### Information provided

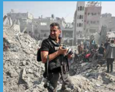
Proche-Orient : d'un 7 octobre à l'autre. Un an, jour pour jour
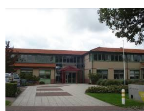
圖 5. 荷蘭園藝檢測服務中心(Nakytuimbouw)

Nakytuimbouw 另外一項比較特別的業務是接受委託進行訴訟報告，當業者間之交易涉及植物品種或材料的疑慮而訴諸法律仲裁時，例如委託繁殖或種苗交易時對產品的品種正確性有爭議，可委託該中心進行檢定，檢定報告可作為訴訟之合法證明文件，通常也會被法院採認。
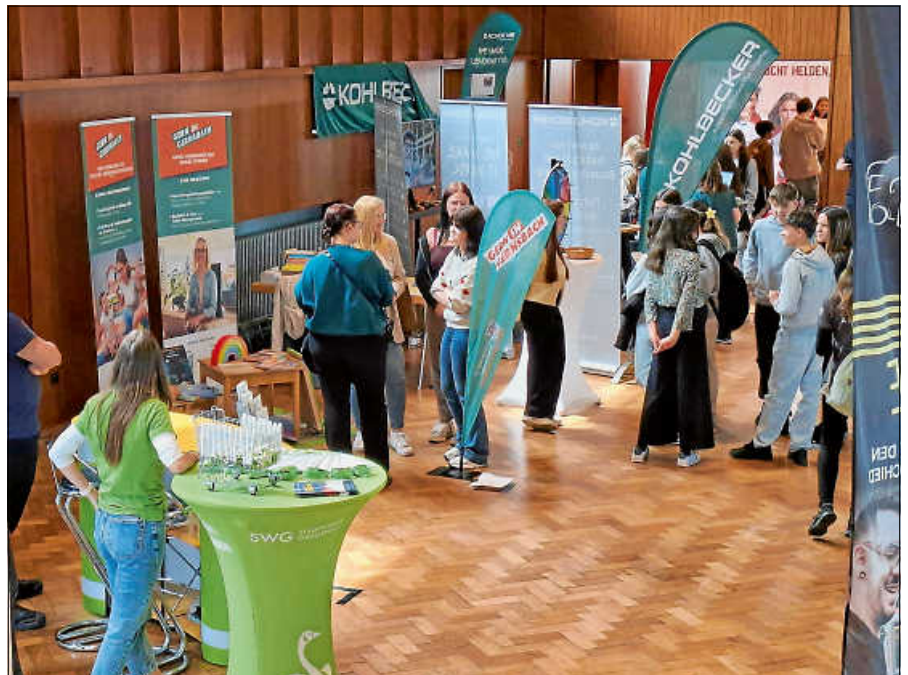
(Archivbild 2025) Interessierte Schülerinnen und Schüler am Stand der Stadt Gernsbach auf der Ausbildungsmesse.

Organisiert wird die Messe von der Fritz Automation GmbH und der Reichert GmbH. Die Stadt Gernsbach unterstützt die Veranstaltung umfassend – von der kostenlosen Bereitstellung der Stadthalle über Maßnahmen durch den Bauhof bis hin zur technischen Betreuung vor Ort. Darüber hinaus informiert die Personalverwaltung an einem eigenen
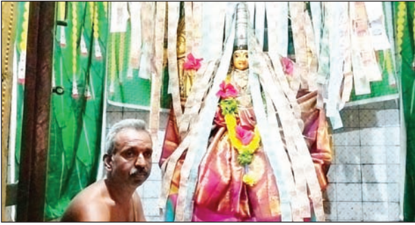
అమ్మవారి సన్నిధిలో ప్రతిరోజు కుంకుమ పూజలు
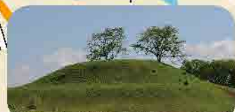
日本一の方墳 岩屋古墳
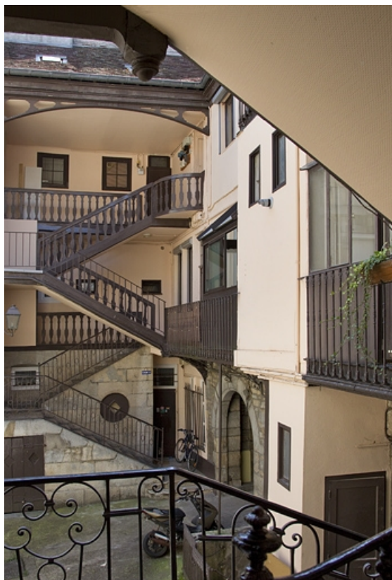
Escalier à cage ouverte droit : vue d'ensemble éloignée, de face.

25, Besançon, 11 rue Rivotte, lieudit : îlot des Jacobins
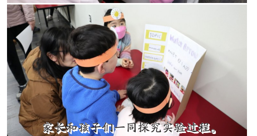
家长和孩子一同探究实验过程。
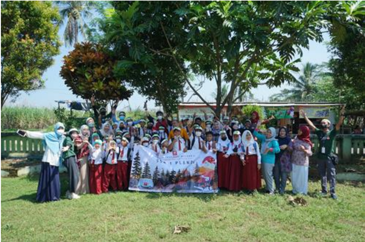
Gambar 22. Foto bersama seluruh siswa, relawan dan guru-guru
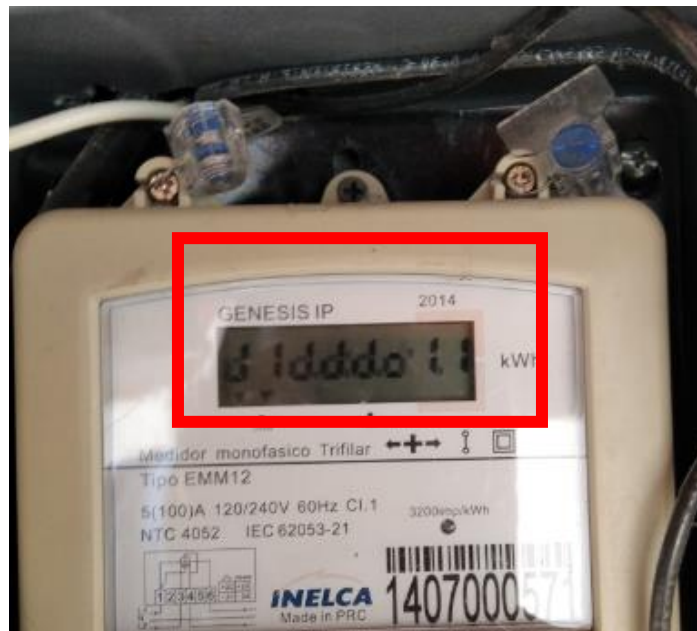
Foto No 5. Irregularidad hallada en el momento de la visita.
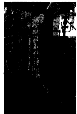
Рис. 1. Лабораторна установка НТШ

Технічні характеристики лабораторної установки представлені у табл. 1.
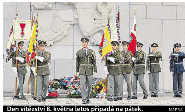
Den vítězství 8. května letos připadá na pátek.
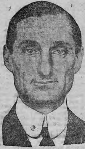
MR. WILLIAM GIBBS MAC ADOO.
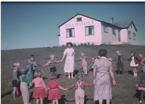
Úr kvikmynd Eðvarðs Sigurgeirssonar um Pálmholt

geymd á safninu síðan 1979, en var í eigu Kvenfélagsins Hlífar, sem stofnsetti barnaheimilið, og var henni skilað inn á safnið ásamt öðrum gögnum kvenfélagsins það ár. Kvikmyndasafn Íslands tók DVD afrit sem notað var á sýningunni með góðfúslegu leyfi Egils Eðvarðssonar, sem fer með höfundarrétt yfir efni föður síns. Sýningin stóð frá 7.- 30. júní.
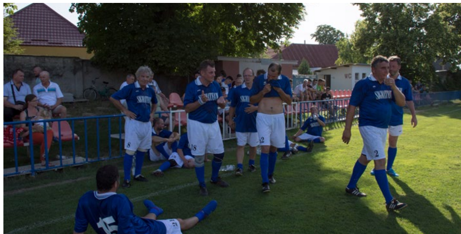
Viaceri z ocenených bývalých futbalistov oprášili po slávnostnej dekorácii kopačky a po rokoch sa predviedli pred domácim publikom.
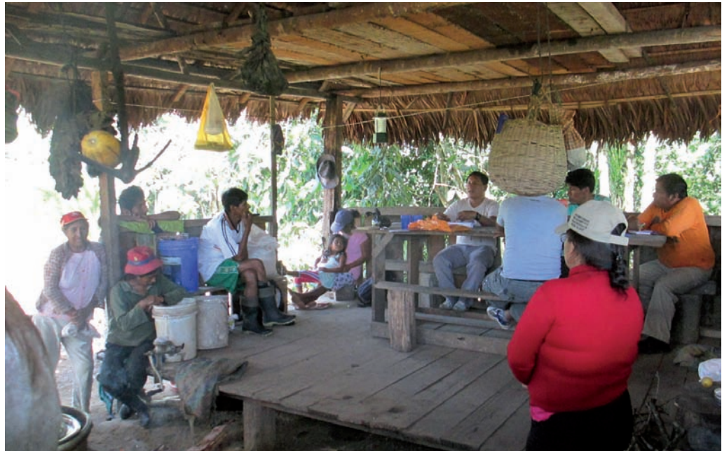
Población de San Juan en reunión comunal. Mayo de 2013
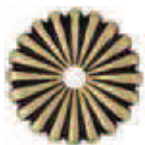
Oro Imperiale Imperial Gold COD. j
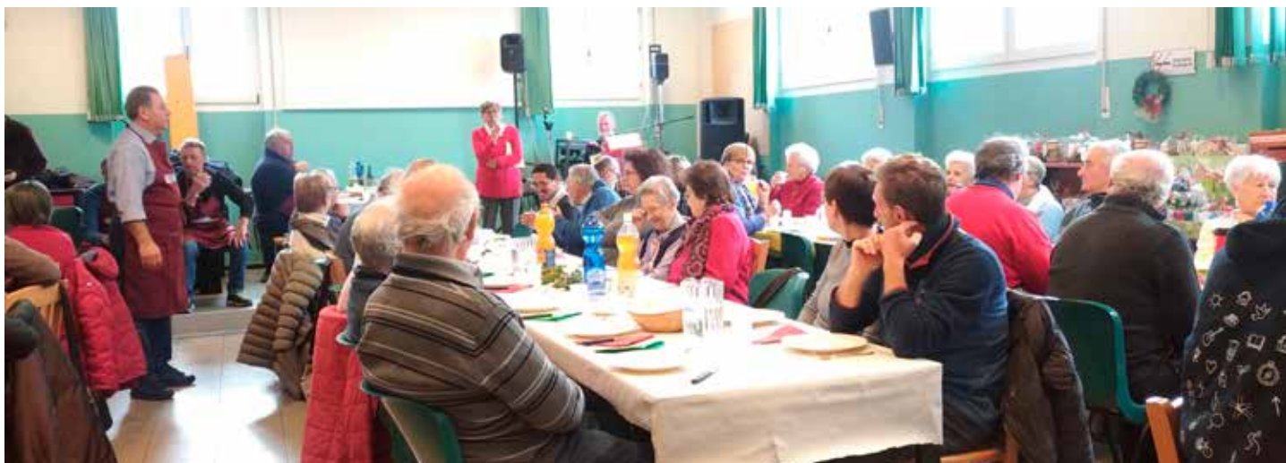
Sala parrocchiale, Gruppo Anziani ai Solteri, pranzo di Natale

######

Exercise details: Working down the entries above, count each line in which "Stadt" occurs, and state only the resulting number.

Answer to this task: 2